What’s a termite lifespan?
There’s no simple answer to this one. It depends. The species, life-type, wear and tear, the colony’s health–all these things affect the potential for a termite’s long life. A worker or soldier termite can live to about three years in my lab, but most probably only live a year or so in the wild. They can also get killed soon after starting work and so, on average, many only last a few months. A reproductive female, the termite queen is something quite different. In some mound-building species queens are reported to last more than 40 years, perhaps several decades more! The reproducing males also last a long time (pdf). This would likely make them the longest-living insects.
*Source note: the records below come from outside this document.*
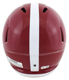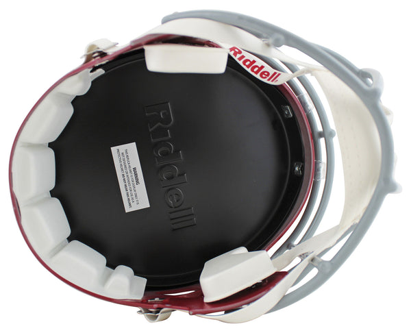 This Autographed w/ Silver Signature Full Size Speed Rep Helmet W/ Uv Mirrored Back Acrylic Display Case with the inscription of "Heisman 21" has been Personally Signed by Bryce Young of the Alabama Crimson Tide. This item is 100% Authentic to include a hologram by Beckett Authentication Services. This item will come with the new Beckett Authentication hologram that has a scannable QR code rather than the traditional COA. If you would like to have a COA, you are welcome to reach out to Beckett for a printed certification once you receive your item. This is a BAS Witnessed Protection Program item which means a Beckett Authentication Service representative was present when this item was being signed. We conducted an autograph signing with Bryce Young where multiples of the same item were signed. While the photographs are representative of this item, the size, placement and strength of the signature may vary. Each item is hand signed, therefore, each autograph is unique. This item can be verified through BAS Witnessed.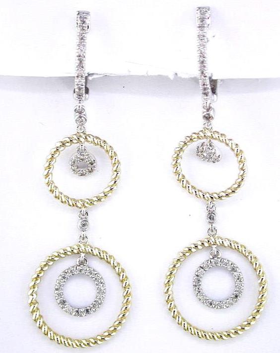 ESTATE 14KT WHITE AND YELLOW GOLD LEVERBACK HANGING EARRINGS. 3D MULTI CIRCULAR DESIGN. DIAMONDS ARE F/G COLOR, VSSI CLARITY .50 CARATS. WRITTEN APPRAISAL AVAILABLE. COMES IN A PRESENTABLE GIFT BOX.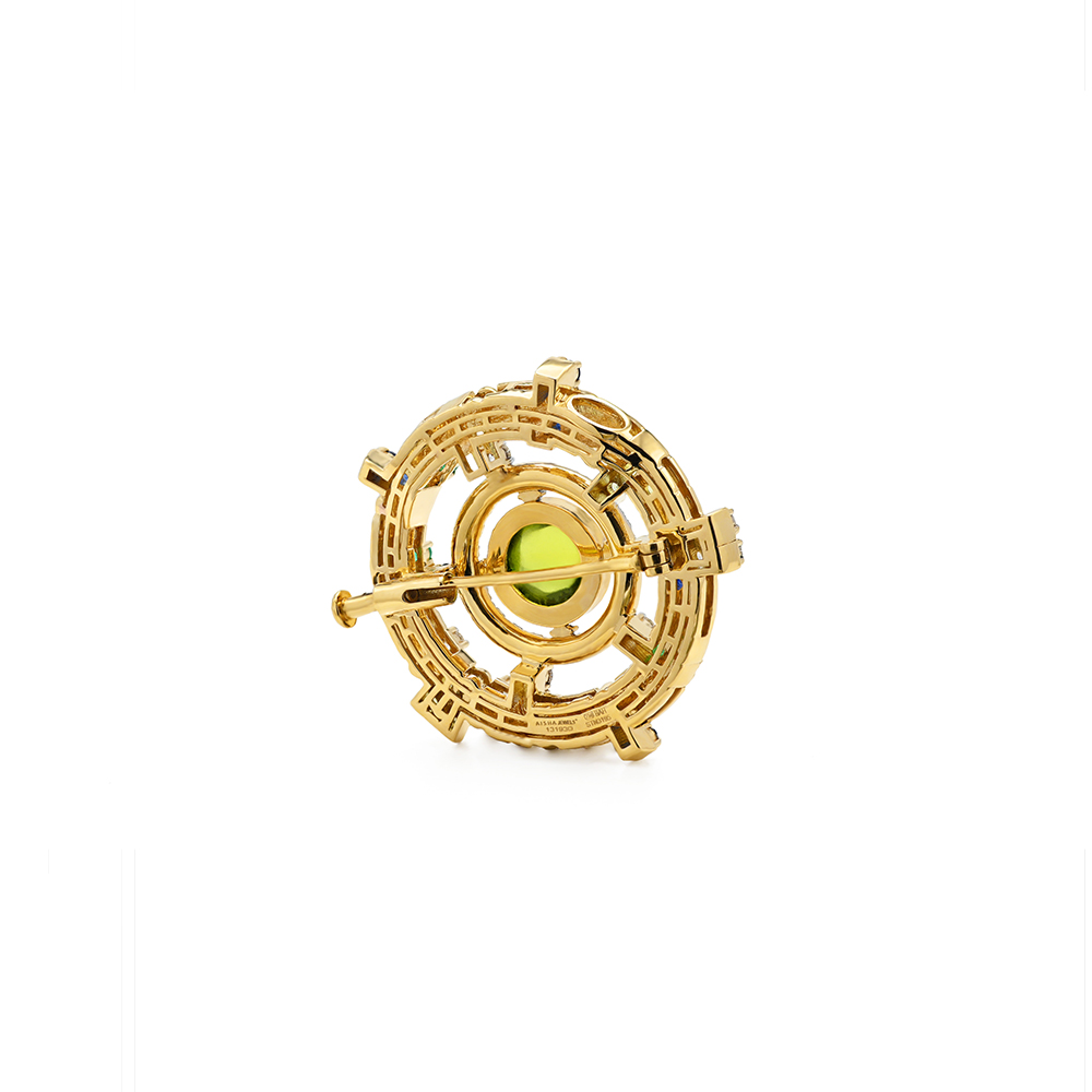 ذهب أصفر عيار 18 (21.856 جرام)، مرصع بالألماس درجة ڤي اس، اللون جي (1.14 قيراط)، والاحجار الكريمة (1.233 جرام) تقريبًا.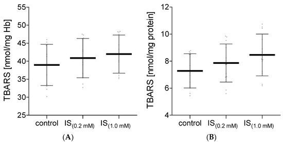 The levels of TBARS in hemolysate (A) and plasma (B) after incubation with IS. Data are expressed as mean ±standard deviation, n = 12. Gray spots: values of single results.
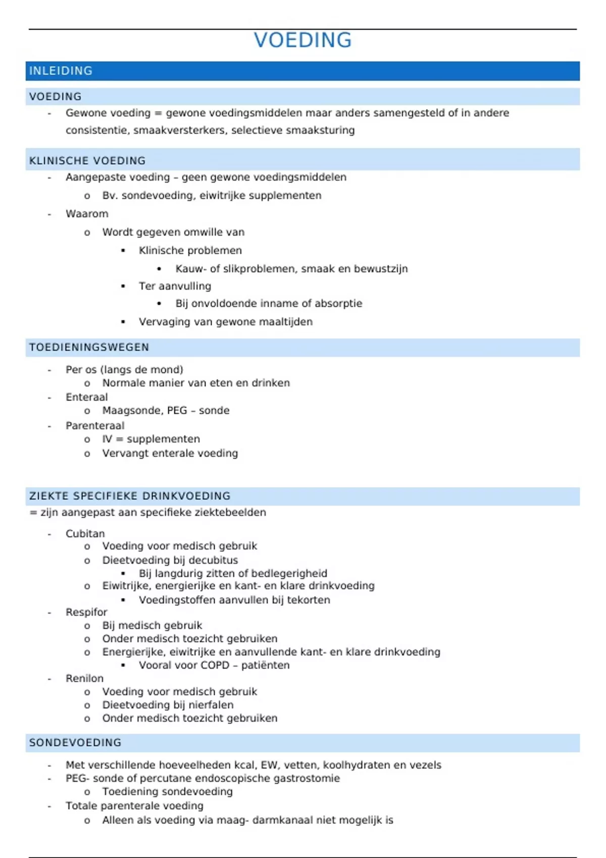 o Toediening sondevoeding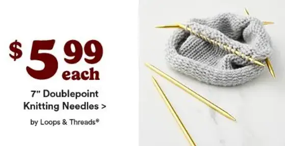 Limited time only! Shop in store and get $5.99 each 7'' doublepoint knitting needles by loops & threads.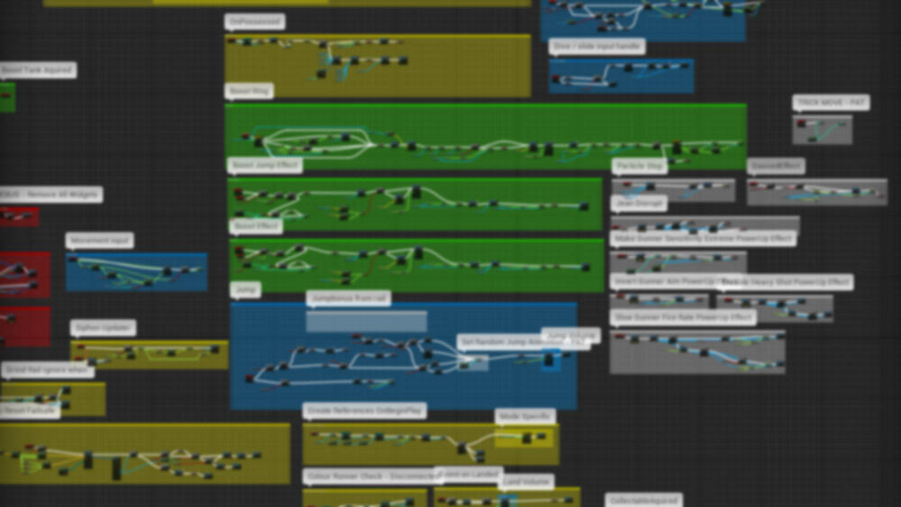 I’ve recently implemented a powerup system that had been on the design backburner for a while, a quick prototype that covered everything that needs to be there to experiment with and decide if it should be pursued. I started by identifying what I would need access to. For this test it was character speed and temporal recharge meter. From working on the character early on I knew where these functions were held. Simple enough. Next, a trigger. Already in the game we have shards that when collected, trigger the character to increase the temporal meter. Awesome, now I have the functions I need to mess with, and a blueprint that can already speak to them. From there I can add a simple function, tweak the colours on the shard blueprint, and place it in a few procedural level chunks for testing.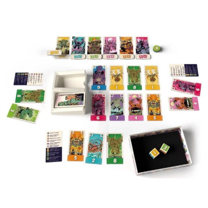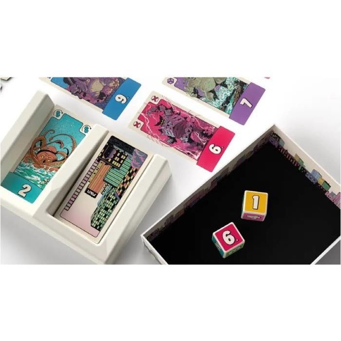 • Комплектація 63 карти, 2 кубики, 12 жетонів, 1 підставка для карт, правила

As usual, though, termite reality is stranger than we first thought. Imagine an amoeba, a superbly simple single-celled animal. If one splits (binary fission), producing two individuals, is the original one alive or dead? I think it is still alive. Do we think the same if the animal is multicellular and reproduces less simply? The issue arises with termites. Japanese and American researchers looking at the DNA of countless individual termites in a large number of colonies have shown that the some termites of the genus Reticulitermes, have queens that can reproduce themselves parthenogenetically (without using male input ~ see this pdf). Almost a self-clone. So the queen’s genes go marching on. Oddly, their research shows the male genes in the colony to be fairly constant, meaning that they have also likely discovered that kings (male reproductives) individually last longer than females.